• Exercise objective
Nothing outside the range is wanted. Repeat exactly the lines below from the one with "바삭바삭한 튀김옷은 기본이고 HOT한 고추 마능 소스가 뿌려져 있어서 매콤바삭!" through the one with "um 1924, auf".

• Recorded data

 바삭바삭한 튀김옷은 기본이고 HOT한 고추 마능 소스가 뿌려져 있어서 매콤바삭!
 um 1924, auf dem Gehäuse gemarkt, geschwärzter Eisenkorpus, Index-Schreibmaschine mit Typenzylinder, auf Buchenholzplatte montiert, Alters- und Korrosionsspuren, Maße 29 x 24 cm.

...

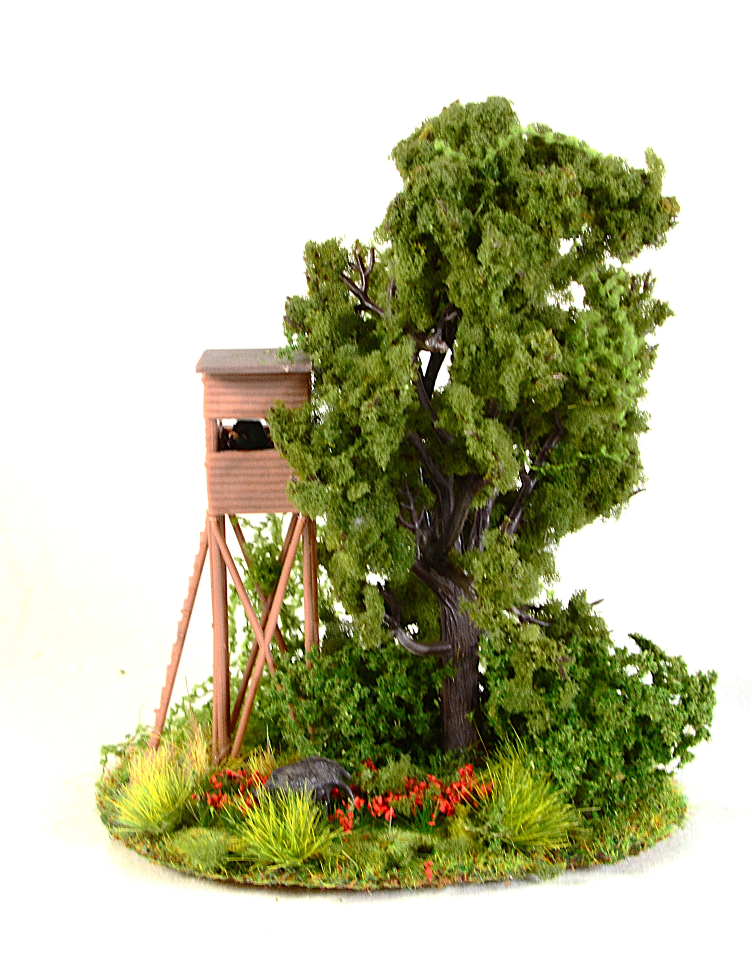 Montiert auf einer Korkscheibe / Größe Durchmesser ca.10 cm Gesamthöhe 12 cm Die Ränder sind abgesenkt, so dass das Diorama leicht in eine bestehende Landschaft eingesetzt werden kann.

• Finished task
 바삭바삭한 튀김옷은 기본이고 HOT한 고추 마능 소스가 뿌려져 있어서 매콤바삭!
 um 1924, auf dem Gehäuse gemarkt, geschwärzter Eisenkorpus, Index-Schreibmaschine mit Typenzylinder, auf Buchenholzplatte montiert, Alters- und Korrosionsspuren, Maße 29 x 24 cm.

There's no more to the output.